Consider a less emotionally charged example. In Case 1 you decide that your Jeep Grand Cherokee isn’t big enough to carry pretzels and walnut oil back from the Trader Joe’s. You give the SUV away to your sister and buy a Chevrolet Suburban. In Case 2 you get distracted listening to NPR complain about the cruelty we are inflicting on our Afghani guests in balmy Guantanamo Bay, skid on the ice in the subfreezing depths of a Massachusetts February, and crash that Grand Cherokee into a tree. You buy a Suburban as a replacement and the local tree company is hired to remove what remains of the tree. In Case 2 the GDP will be reported as higher. In addition to a new SUV being bought a tree company was paid. Never mind that in Case 2 your sister is still walking everywhere and people who had enjoyed shade from that tree are getting skin cancer (their treatments will further inflate GDP).

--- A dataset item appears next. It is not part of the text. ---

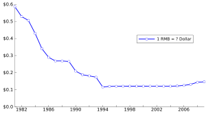 Just how long the trajectory could continue, however, remained unclear. According to the 11th five-year plan, China needed to sustain an annual growth rate of 8% for the foreseeable future. Only with such levels of growth, the leadership argued, could China continue to develop its industrial prowess, raise its citizen's standard of living, and redress the inequalities that were cropping up across the country. Yet no country had ever before maintained the kind of growth that China was predicting. Moreover, China had to some extent already undergone the easier parts of development. In the 1980s, it had transformed its vast and inefficient agricultural sector, freeing its peasants from the confines of central planning and winning them to the cause of reform. In the 1990s, it had likewise started to restructure its stagnant industrial sector, wooing foreign investors for the first time. These policies had catalysed the country's phenomenal growth. Instead, China had to take what many regarded as the final step toward the market, liberalizing the banking sector and launching the beginnings of a real capital market. According to an article in Journal of the Asia Pacific Economy authored by Mete Feridun of University of Greenwich Business School and his co-author Abdul Jalil from Wuhan University in China, financial development leads to a reduction in the income inequality in China.[53] This process, however, would not be easy. As of 2004, China's state-owned enterprises were still only partially reorganized, and its banks were dealing with the burden of over $205 billion (1.7 trillion RMB) in non-performing loans, monies that had little chance of ever being repaid. The country had a floating exchange rate, and strict controls on both the current and capital accounts.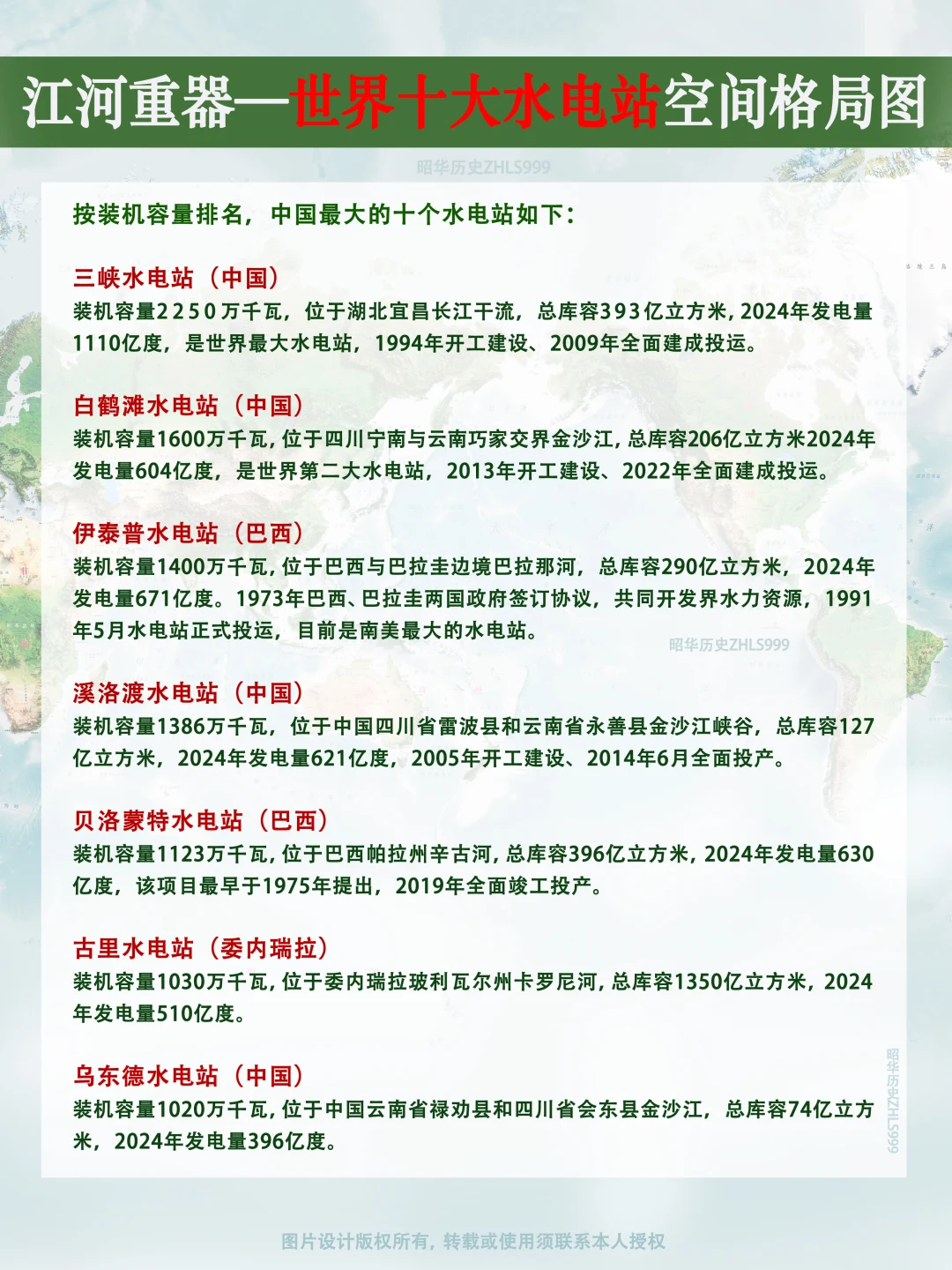 装机容量2250万千瓦,位于湖北宜昌长江干流,总库容393亿立方米,2024年发电量1110亿度,是世界最大水电站,1994年开工建设、2009年全面建成投运。

In New Orleans a tremendous amount of money will be expended on getting us back to where we were before. The same people will be living in substantially the same housing and working in substantially the same office buildings and yet $billions will have been spent to pump out water and shore up foundations. In New York at least $10 billion will be spent on rebuilding the World Trade Center site. It might be a little nicer than what was there on September 10, 2001 but functionally will be similar in terms of office space square footage. This $10 billion will be recorded as an addition to GDP but it won’t have the same positive impact the World Trade Center remaining standing and $10 billion of entirely new office space constructed in growing regions of the U.S.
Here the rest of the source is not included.